China’s sovereign wealth fund China Investment Corp. (CIC) and U.S. investment bank Goldman Sachs raised $1.5 billion for a fund designed to expand business ties between U.S. and Chinese manufacturers, against the backdrop of a trade standoff between Washington and Beijing.
CIC and Goldman Sachs said they completed the first phase of fundraising for the China-U.S. Industrial Cooperation Partnership L.P., which was launched in November during U.S. President Donald Trump’s visit to China.
The fund set out to raise as much as $5 billion to be committed to investing in U.S. companies in manufacturing, industrial, consumer and healthcare sectors that have developed or can develop China business connections.
But trade tensions between the two countries have since escalated. Chinese and U.S. companies have been caught in the crossfire of a trade war that officially started July 6 when the two countries imposed 25% tariffs on $34 billion of each other’s products. Both countries are preparing to impose another round of new tariffs on $16 billion of products starting Thursday.
Officials of the two countries are scheduled to start a two-day meeting in Washington Wednesday, returning to the negotiating table after a two-month standoff since U.S. Commerce Secretary Wilbur Ross met with Chinese Vice Premier Liu He in June in Beijing.

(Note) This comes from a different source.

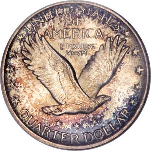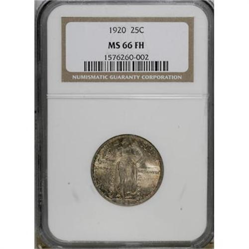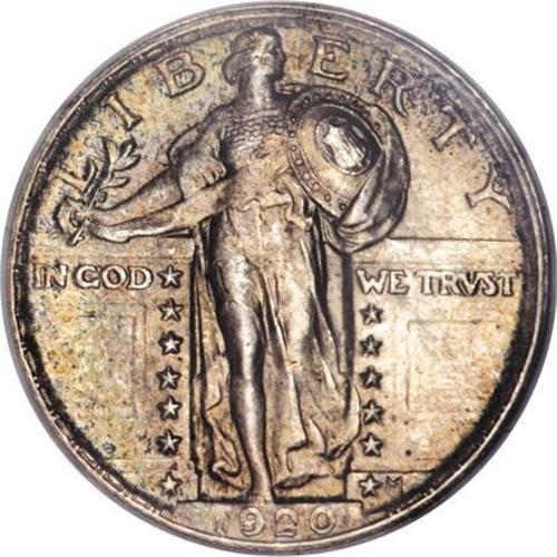 <B>1920 25C MS66 Full Head NGC.</B></I> Speckled gold, red, and blue patina enriches the obverse, while splashes of sky-blue, lavender, and gold-brown dominate the reverse. A sharp strike emboldens the design elements, particularly the shield rivets and waist. The date is slightly soft. Lustrous and unabraded save for a tick on the cheek. Census: 11 in 66 Full Head, 2 finer (2/08).<BR><BR><B>Coin Engraver:</B> Hermon A. MacNeil<BR><BR><b>Shipping:</b> Coins & Currency (<a target="_blank" href="http://www.heritageauctions.com/common/shipping.php">view shipping information</a>)

Goldman, through its Merchant Banking Division, is the sponsor and investment manager of the fund, while CIC, as an anchor investor, will not provide investment advice, according to a press release from Goldman.
“The China-U.S. fund is established by the principle of mutual benefit and cooperation,” said Tu Guangshao, vice chairman and president of CIC, at a forum in July. “The investors from China and the U.S. have binding interests.”
CIC expects to increase direct investment in the U.S. as it recently set up an office in New York, Tu said in July.
“We want to be a long-term financial investor, so (the U.S.) does not have to feel that CIC’s investment is a threat,” Tu said.
Headquartered in Beijing, CIC was founded in 2007 as a vehicle to diversify China's foreign exchange holdings and seek maximum returns with acceptable risk tolerance. CIC had $813 billion in assets at the end of 2016, making it one of the largest sovereign wealth funds in the world.
Tighter U.S. scrutiny accounted of part of the decline of Chinese investment. In the first half of this year, Chinese mergers and acquisitions in the U.S. market totaled $6 billion, a sharp drop from $40 billion two years ago, according to the London-based accounting firm PricewaterhouseCoopers (PwC).
Chinese takeovers in the U.S. have remained at a low level over the past 18 months, and as the trade war unfolds, big transactions and deals in sensitive areas will face regulatory risks, according to PwC.